▶ [EXERCISE INSTRUCTIONS]
Hand back the entries exactly as written, minus every picture.

▶ [Saved data entries]
---

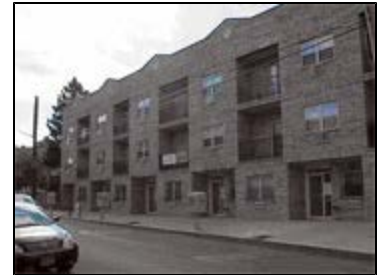
New out-of-character multi-family construction on Glebe Avenue

For more information, contact the Bronx Office of the Department of City Planning at (718) 220-8500.
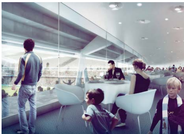
The images show various shots of the Etihad's new interiors

An integrated Laing O'Rourke Group team is carrying out the expansion – work began at the start of April. Interesting aspects of
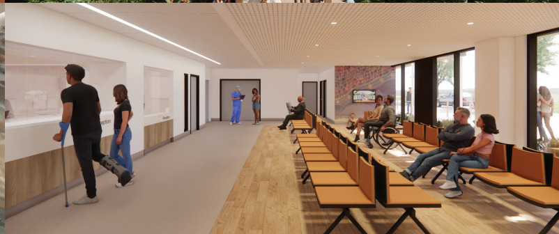
Images are for artistic representation only and are subject to change.
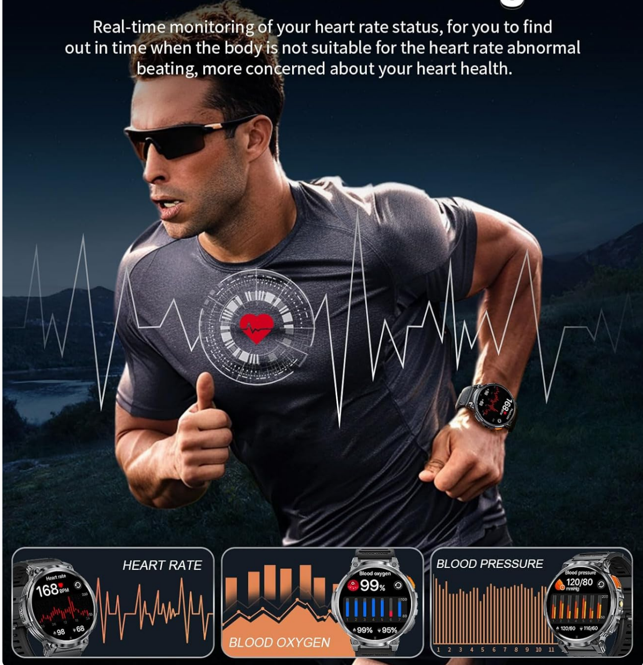
Image: A user running while the smartwatch displays real-time heart rate, blood oxygen, and blood pressure data, illustrating its health monitoring capabilities.

Real-time monitoring of your heart rate status, for you to find out in time when the body is not suitable for the heart rate abnormal beating, more concerned about your heart health.
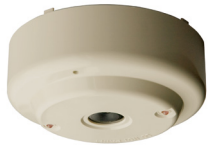
DRD-E Flame Detector
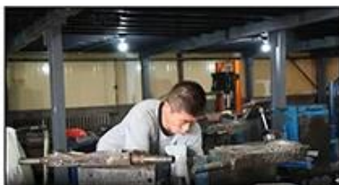
2. Putting Polyester Lining
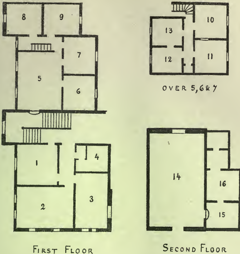
Plan of the Psychological Laboratory of the University of Toronto.
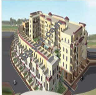
Diamond Views 2 Exterior View
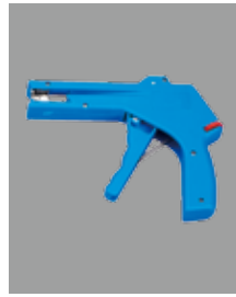
0302 紫線槍 TIE GUN TG-7 適用紫線帶寬度: 2.5 ~ 5.0 mm

---

▶ [RESPONSE TO THE TASK]
New out-of-character multi-family construction on Glebe Avenue

For more information, contact the Bronx Office of the Department of City Planning at (718) 220-8500.
The images show various shots of the Etihad's new interiors

An integrated Laing O'Rourke Group team is carrying out the expansion – work began at the start of April. Interesting aspects of
Images are for artistic representation only and are subject to change.
Image: A user running while the smartwatch displays real-time heart rate, blood oxygen, and blood pressure data, illustrating its health monitoring capabilities.

Real-time monitoring of your heart rate status, for you to find out in time when the body is not suitable for the heart rate abnormal beating, more concerned about your heart health.
DRD-E Flame Detector
2. Putting Polyester Lining
Plan of the Psychological Laboratory of the University of Toronto.
Diamond Views 2 Exterior View
0302 紫線槍 TIE GUN TG-7 適用紫線帶寬度: 2.5 ~ 5.0 mm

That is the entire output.